Doorgaan naar hoofdcontent

Powerhouse issues

Hi y'all

It's been quite the week. The last couple of days I was in Scotland following a masterclass on great fundraising by Alan Clayton and his equally amazing team. An intense week identifying the issues charities want to resolve and the powerful messages they portray to achieve their goals. Inspiring seems like a blank word, a non word. It was so much more. We laughed, we shared, we talked, we helped each other identify what might be the barrier and when the last words were uttered non of us felt like we crossed the finish line. Non of us.
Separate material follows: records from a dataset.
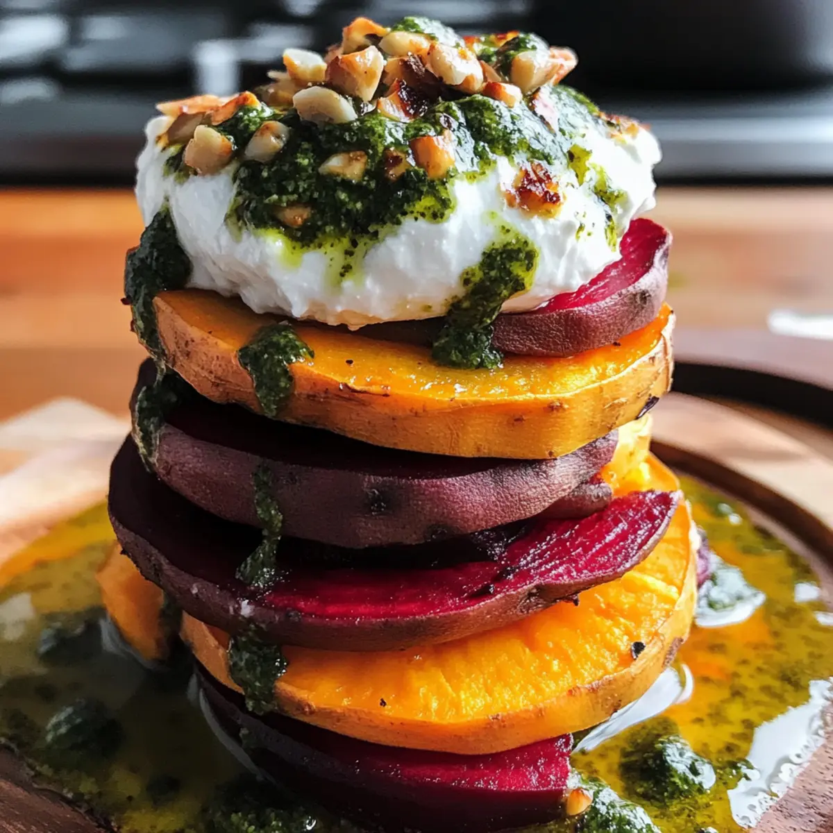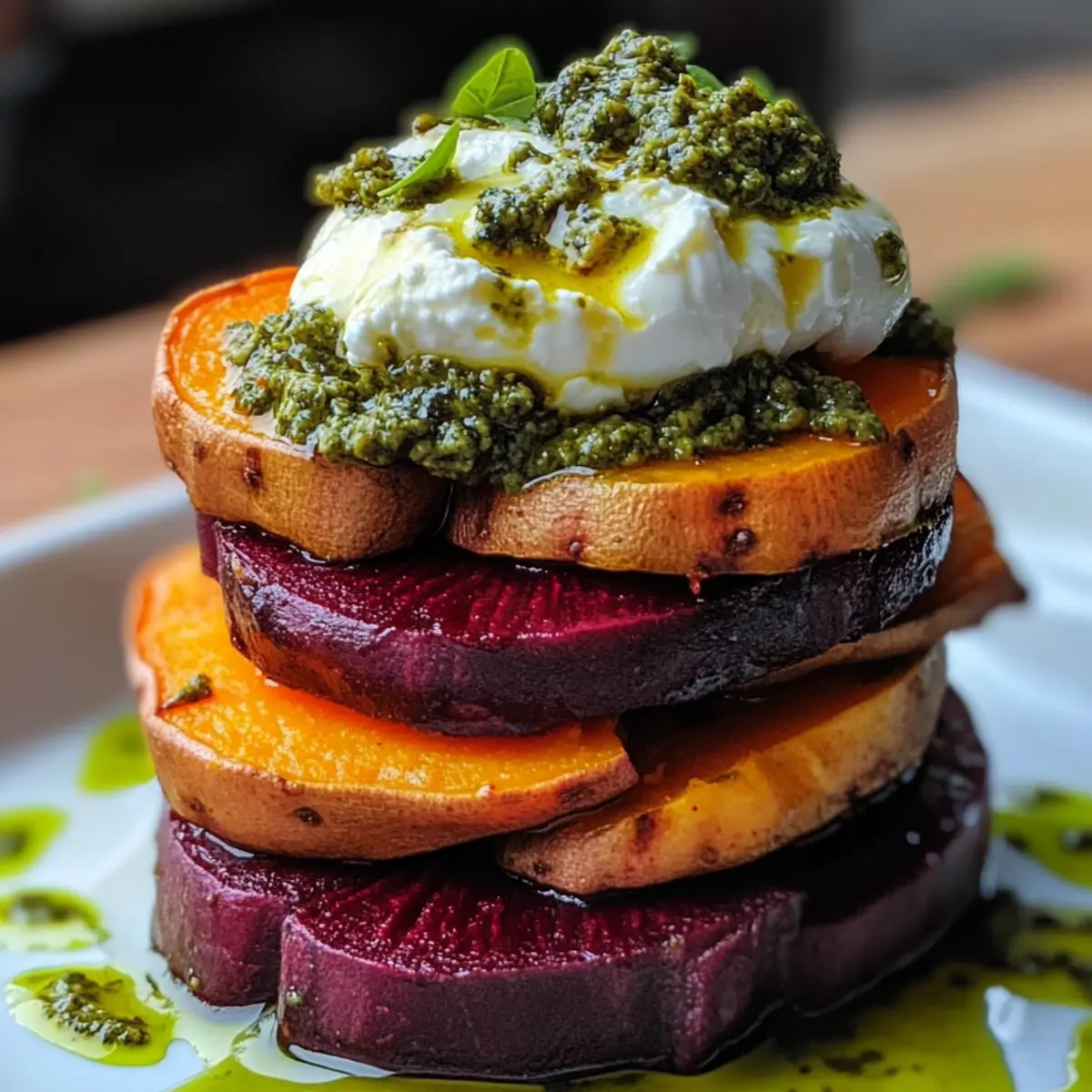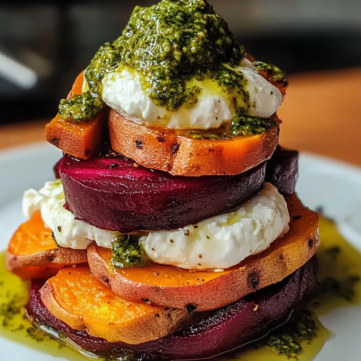 Es gibt Momente, in denen ein einfaches Gericht die Augen zum Leuchten bringt und die Sinne verführt. Wenn ich die bunten Süßkartoffel- und Rübenstapel mit Pesto und Burrata vorbereite, fühle ich mich jedes Mal wie ein Künstler in meiner eigenen Küche. Diese Rezeptur ist nicht nur ein Fest für die Augen – die zarten, gerösteten Gemüseschichten mit cremigem Burrata und frischem Pesto bieten auch eine wunderbare Harmonie von Geschmack und Textur. Ideal für ein entspanntes Abendessen zu Hause oder um Gäste zu beeindrucken, lässt sich dieses vegane Gericht schnell zubereiten und sorgt sicher für Begeisterung. Wer könnte da widerstehen, oder? Lass uns gemeinsam in diese köstliche Welt eintauchen! Warum sind diese Stapel ein Hingucker? Farbenfrohes Erlebnis: Die leuchtenden Farben der Süßkartoffel und Rüben verwandeln jede Präsentation in ein Kunstwerk und machen das Gericht sowohl visuell ansprechend als auch köstlich. Einfache Zubereitung: Mit nur wenigen grundlegenden Zutaten und einfacher Zubereitung wird jeder zum Küchenprofi! Vielseitig kombinierbar: Ideal als Hauptgericht oder Beilage, passt perfekt zu Quinoa oder frischem Salat. Überraschende Texturen: Der cremige Burrata und das aromatische Pesto stellen eine köstliche Balance dar, die sowohl zufriedenstellt als auch begeistert. Köstliches für jeden Anlass: Ob für ein intimes Abendessen oder eine elegante Dinnerparty – dieses Gericht wird garantiert Gesprächsthema sein! Schau dir auch unser Rezept für Knoblauchbutter Garnelen Lasagne an, wenn du nach weiteren beeindruckenden Gerichten suchst! Süßkartoffel- und Rübenstapel Zutaten • Entdecke die herzlichen Aromen und frischen Zutaten für dieses vegetarische Festmahl! Für die Stapel • Süßkartoffeln – sorgen für eine natürliche Süße und eine cremige Textur; bei Bedarf kannst du auch Yamswurzeln verwenden. • Rüben – bringen eine erdige Note mit, die perfekt mit der Süße der Kartoffeln harmoniert; verwende bei Zeitmangel auch vorgegarte Rüben aus der Dose (gut abtropfen und abspülen). • Olivenöl – ist unerlässlich zum Rösten und verleiht den Aromen Tiefe. • Salz und Pfeffer – sorgen für die grundlegende Würze und betonen den Geschmack der Gemüsesorten. Für das Pesto • Basilikum – liefert den klassischen Geschmack; du kannst auch Spinat oder Rucola verwenden, wenn du eine interessante Variation möchtest. • Pinienkerne – bringen einen nussigen Geschmack; ersetze sie durch Sonnenblumenkerne, um das Pesto nussfrei zu halten. • Parmesan – fügt dieser Mischung eine salzige Tiefe hinzu; ihn durch Hefeflocken zu ersetzen kann eine großartige vegane Option sein. • Knoblauch – bringt eine aromatische Schärfe in dein Pesto; passe die Menge nach deinem Geschmack an. • Zitronensaft – sorgt für Frische und Helligkeit im Pesto; du kannst auch Limettensaft verwenden, wenn du etwas Anderes ausprobieren möchtest. Für die Garnitur • Burrata – gibt dem Gericht seine cremige Konsistenz; falls nicht verfügbar, kann frischer Mozzarella verwendet werden, jedoch ist der weniger cremig. • Mikrogreens oder frischer Basilikum – erhöhen die Farbe und Frische; fühle dich frei, hier kreativ zu werden! Lass uns gemeinsam in die Zubereitung dieser köstlichen Süßkartoffel- und Rübenstapel mit Pesto und Burrata eintauchen! Schritt-für-Schritt-Anleitung für Süßkartoffel- und Rübenstapel mit Pesto und Burrata Step 1: Ofen vorheizen Heize deinen Ofen auf 200 °C vor und bereite zwei Backbleche mit Backpapier vor. Dies erleichtert die Reinigung und sorgt dafür, dass die Süßkartoffeln und Rüben gleichmäßig rösten. Während der Ofen aufheizt, kannst du mit der Vorbereitung der Gemüsescheiben beginnen. Step 2: Gemüse vorbereiten Schneide die Süßkartoffeln und Rüben in gleichmäßige Scheiben, damit sie gleichmäßig garen. Verteile die Süßkartoffelscheiben auf einem Backblech und die Rübenscheiben auf dem anderen. Beträufle beide mit Olivenöl und würze sie mit Salz und Pfeffer. Mische die Scheiben gründlich, sodass sie gleichmäßig überzogen sind. Step 3: Rösten der Gemüsescheiben Schiebe die Backbleche in den vorgeheizten Ofen. Röste die Süßkartoffeln für etwa 25-30 Minuten, wobei du sie nach der Hälfte der Zeit umdrehst. Die Rüben benötigen 30-35 Minuten, bis sie zart und leicht karamelisiert sind. Achte darauf, dass sie beim Herausnehmen aus dem Ofen einen schönen goldbraunen Farbton haben. Step 4: Pesto zubereiten Während das Gemüse im Ofen ist, kannst du das Pesto zubereiten. Gib frisches Basilikum, Pinienkerne, Parmesan, Knoblauch und Zitronensaft in eine Küchenmaschine. Püriere die Mischung und träufle langsam 80 ml Olivenöl hinzu, bis das Pesto eine cremige Konsistenz erreicht. Schmecke es ab und passe gegebenenfalls die Würze an. Step 5: Stapeln der Gemüsescheiben Sobald das Gemüse aus dem Ofen gekommen ist und leicht abgekühlt ist, beginne mit dem Stapeln. Lege eine Scheibe Süßkartoffel auf einen Teller, gefolgt von einer Scheibe Rübe. Wiederhole das Schichten, bis du die gewünschte Höhe erreichst. Achte darauf, die Farben ansprechend anzuordnen. Step 6: Garnieren Sobald die Süßkartoffel- und Rübenstapel fertig sind, gib einen Klecks des frisch zubereiteten Pestos obenauf. Setze ein großes Stück Burrata als Krönung auf jeden Stapel. Sie schmilzt leicht bei Raumtemperatur und verleiht dem Gericht eine großartige cremige Note. Step 7: Anrichten und Servieren (Optional) Garniere die Stapel mit Mikrogreens oder frischem Basilikum für einen zusätzlichen Farbtupfer. Ein kleiner Schuss Olivenöl darüber bringt ein schönes Aroma. Serviere die Süßkartoffel- und Rübenstapel sofort als beeindruckendes Hauptgericht oder Beilage. Lagerungstipps für Süßkartoffel- und Rübenstapel mit Pesto und Burrata Kühlschrank: Bewahre die Reste der Süßkartoffel- und Rübenstapel in einem luftdichten Behälter auf, um die Frische bis zu 3 Tage zu erhalten. Halte Pe
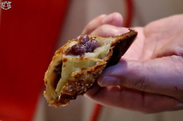 熱呼呼現點現做,灑了糖粒,紅豆甜度剛好。
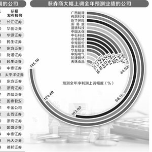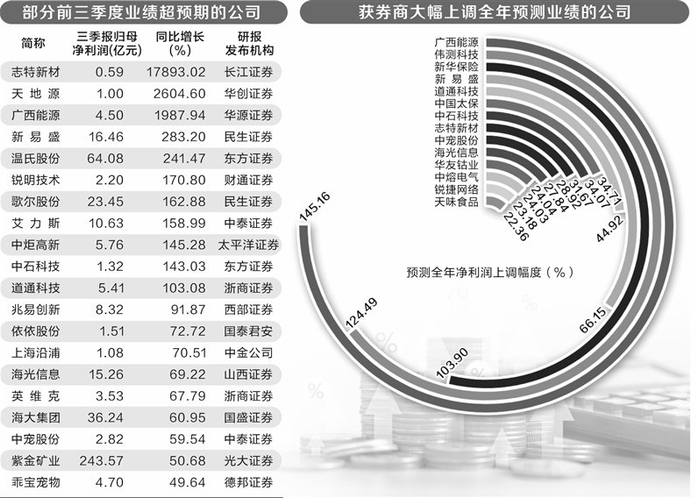 据证券时报·数据宝统计,有73家公司发布三季报后,券商给出研报认为业绩超预期,其中14家公司获券商上调2024年净利润预测幅度超20%。
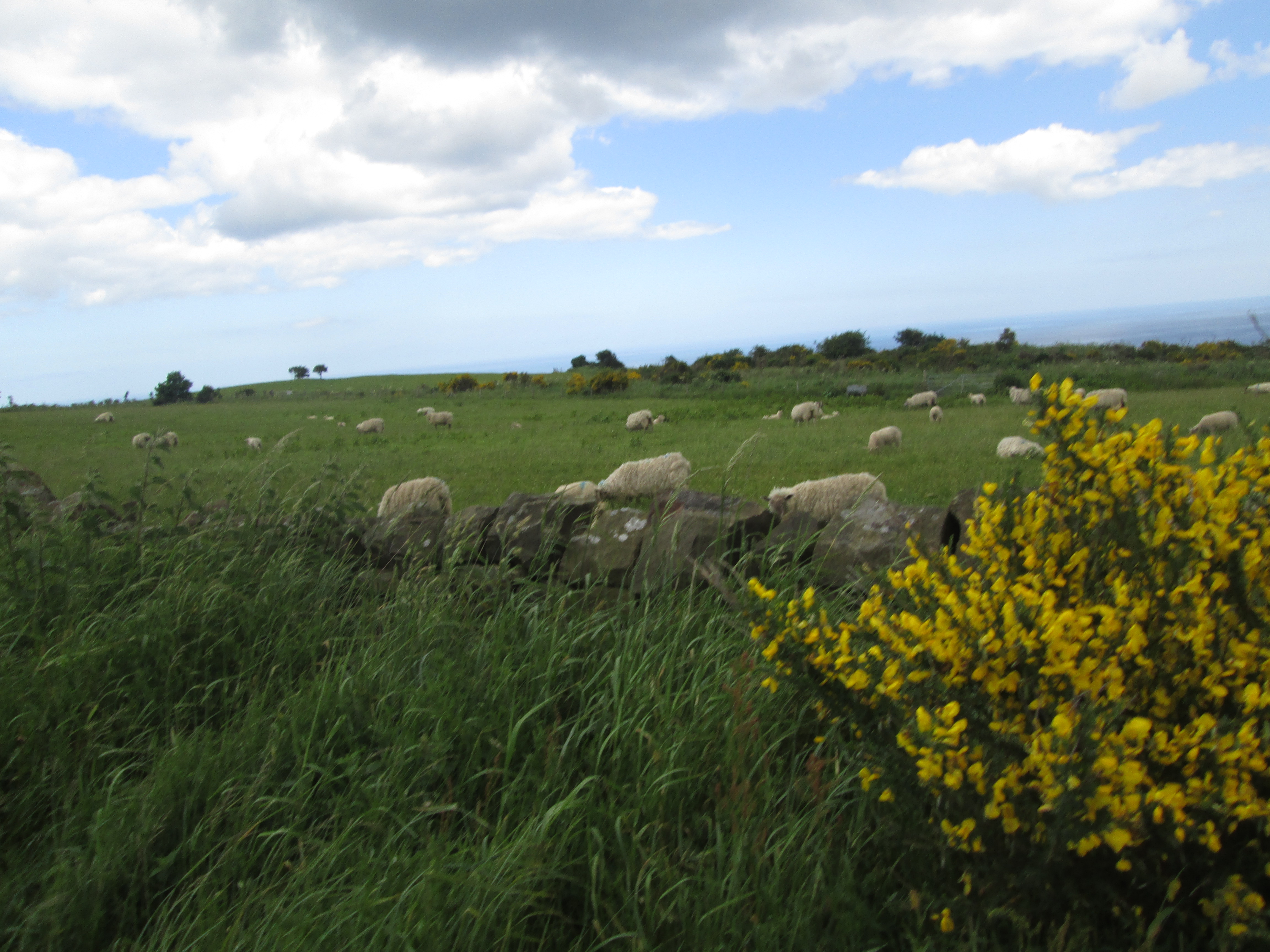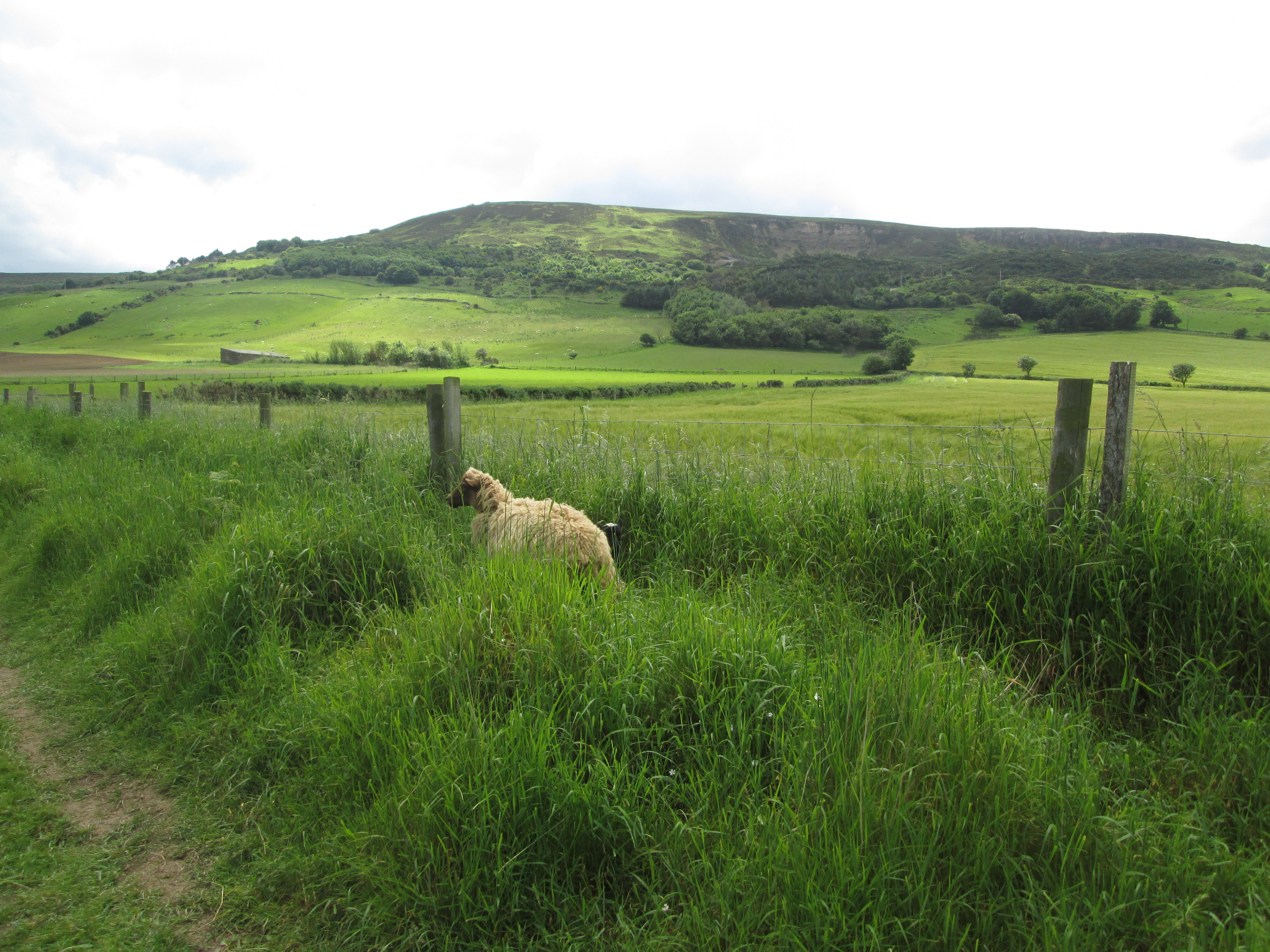 I leave Scarborough and follow a cycle trail up to Whitby. I’m loathe to break my own rules but it’s the only route that will take me up to Robin Hood’s Bay, and along what I’m told is some spectacular coast. It’s along an old rail route so the track is a little bumpy, built on cinders rather than crushed stone, but thankfully flat. I pass along some very pretty countryside scenes, with lazy robins and desperate butterflies, happy sparrows and other songbirds flitting across hedgerows and, beyond, sheep idly chewing grass and gazing up at a whizzing mix of metal and man. I pass through little woods to my left and beautiful sea coastline to my right. Meandering thoughts get interrupted by one dale where all hell has broken loose, as a murder of crows wages war against a smaller group of birds. The natural world is never totally peaceful.

We all felt like we just entered the coral, legs itching and hands tingling, brains fired up thinking let's GO!

When you spent time with your peers away from home, away from your loved ones and in a situation when you're constantly challenged on one hand and taken care off at the other that's where conversation happens and where humans start to share and it's at that time when you let some of your carefully build up guard drop. Sitting at the hearth, wine (or whiskey) in your hand and just a few people left that probably like you have too many images to sleep anyway, that's where conversation happens. There's been some really good ones and I really don't want to rank any of them because I'm in awe with all the people that felt comfortable enough to share their story with me but one of them is what triggered me to write this blogpost today. Because today is international women day.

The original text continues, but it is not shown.